スラゴンの成長
昨日会ったことが嘘のようなすがすがしい朝だった。俺とスラさんスラゴンはそれぞれの魔法を活かし、朝食を準備する。今日は干し肉のスープに黒パン、そしてインスタント珈琲だ。スラさんがギルドでいれてくれた物には劣るがやはり朝に珈琲を飲めるのはうれしい。
「昨日のあれは何だったんだろう」
「わからん。ともかく早く森を抜けよう」
「そうだね」
朝食を終え俺たちは森の中を道なりに進んでいく。昨日はあの謎の女性を巻くために道から外れていたが、森の中の道も整備されている。これは王が公共事業として行っていることらしく、俺たちは道に迷わずに済んでいる。これに看板があればさらに最高だろう。今度会った時にでも伝えてみようか。
ウォーン
狼の遠吠えが聞こえた。
「狼か厄介な。奴らは集団で来るからな、スズキは気をつけろよ」
「逃げなくていいの?」
仮に日本で狼に出会えば3秒で逃げるだろう。勝てる気がしない。
「うむ、ゴブリンよりは素早いがそれだけだからなゴブリンキングと戦ったお前なら余裕だろう。もっとも戦闘は俺とスラゴンでやるからスズキはいつも通り目くらましを頼むぞ」
「わかった」
サポートしか出来ないのは情けないがここは自分の役目をきっちりはたすのが重要だ。スラさんと会話を終えたころ狼たちが姿を現わした。数は3匹だ。

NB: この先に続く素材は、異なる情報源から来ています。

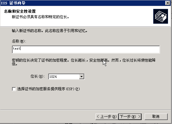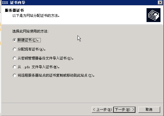 出现如下对话框,保持默认选项“新建证书”不动,继续下一步: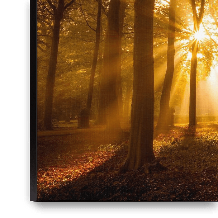A magical morning in the forest, the sun's rays shine through the beans and illuminate the mist in the forest. It is autumn in the Netherlands and the mist gives everything a golden glow.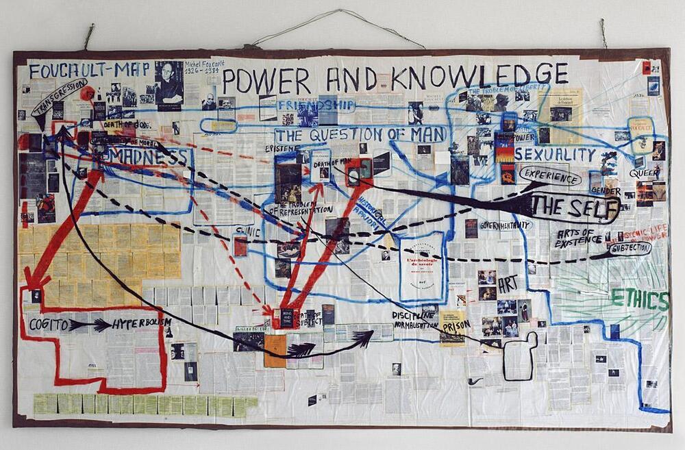 Nous vous proposons une reproduction artisanale sur toile du célèbre tableau 'Carte de Foucault' de Thomas Hirschhorn, provenant du Musée de la Reproduction.

「こいつら狩に慣れているようだ。後ろにも2匹隠れているぞ」
えっ?三匹でも多いのにまだいるのか。
「とりあえず前は俺が後ろはスラゴン、お前に任せる」
プルン
そういうとスラさんは狼たちに向かっていく。俺は後方に注意を向けつつ前方の三匹に向かいサンドボールを放つ。狼たちが連携しにくいようするためだ。サンドボールで目に砂が入いると狼たちはキャウンとひるんでいた。
スラゴンは俺の周りを離れず後方に注意を払っていた。
ビュッ、ビュッ
キャウン
するとスラゴンは後方の茂みに何かを飛ばした。すると狼たちの悲鳴が聞こえた。そのままスラゴンは俺を音のする方に押していった。
「アッ」
スラゴンに支持された場所に行くとそこには2匹の狼の死骸があった。
「スラゴン、どうやって」
「スラゴンよくやった」
スラさんもあっさりと狼を討伐したようだ。
「スラさんもしかしてスラゴンもレベルアップしてる?」
「そういえば言っていなかったな。スラゴンも成長しているぞ。スラゴン、スズキにステータスを見せてやってくれないか?」
プルン
レベル10
体力D
魔力C
攻撃力D
防御力D
素早さD
能力
スライム レベル-
敵察知 レベル1
魔法
水魔法
スプラッシュ
ウォーターショット
おお、すごい強くなってる。
「敵察知とは?」
「周囲の敵の人数を把握する能力だ。もっとも今はレベル1だからその範囲は微々たるものだろう」
「あれ?でもスラさんは能力なしでわかってなかった?」
「俺のは経験だ」
流石勇者。
「ということはさっきスラゴンは敵察知で敵を把握してそこにウォーターショットを打ったと」
「そういうことだ」
「スラゴンすごいね!」
プルルン
スラゴンは照れるように揺れていた。かわいい。ウォーターショットは水の弾丸。狼は眉間を見事に撃ち抜かれていた。このスライムがすごい
「よし、狼の皮と肉を少しもらったら残りはスラゴンに吸収してもらおう」
そういうとスラさんは狼を一匹解体し他をスラゴンに吸収してもらう。
実は俺も一匹解体してみたんだが、その皮はとても売り物にできるものではなかったのはここだけの話。つらひ。
今日はこれ以降特に何もなく俺たちは昨日どうようの野営をし、眠りについた。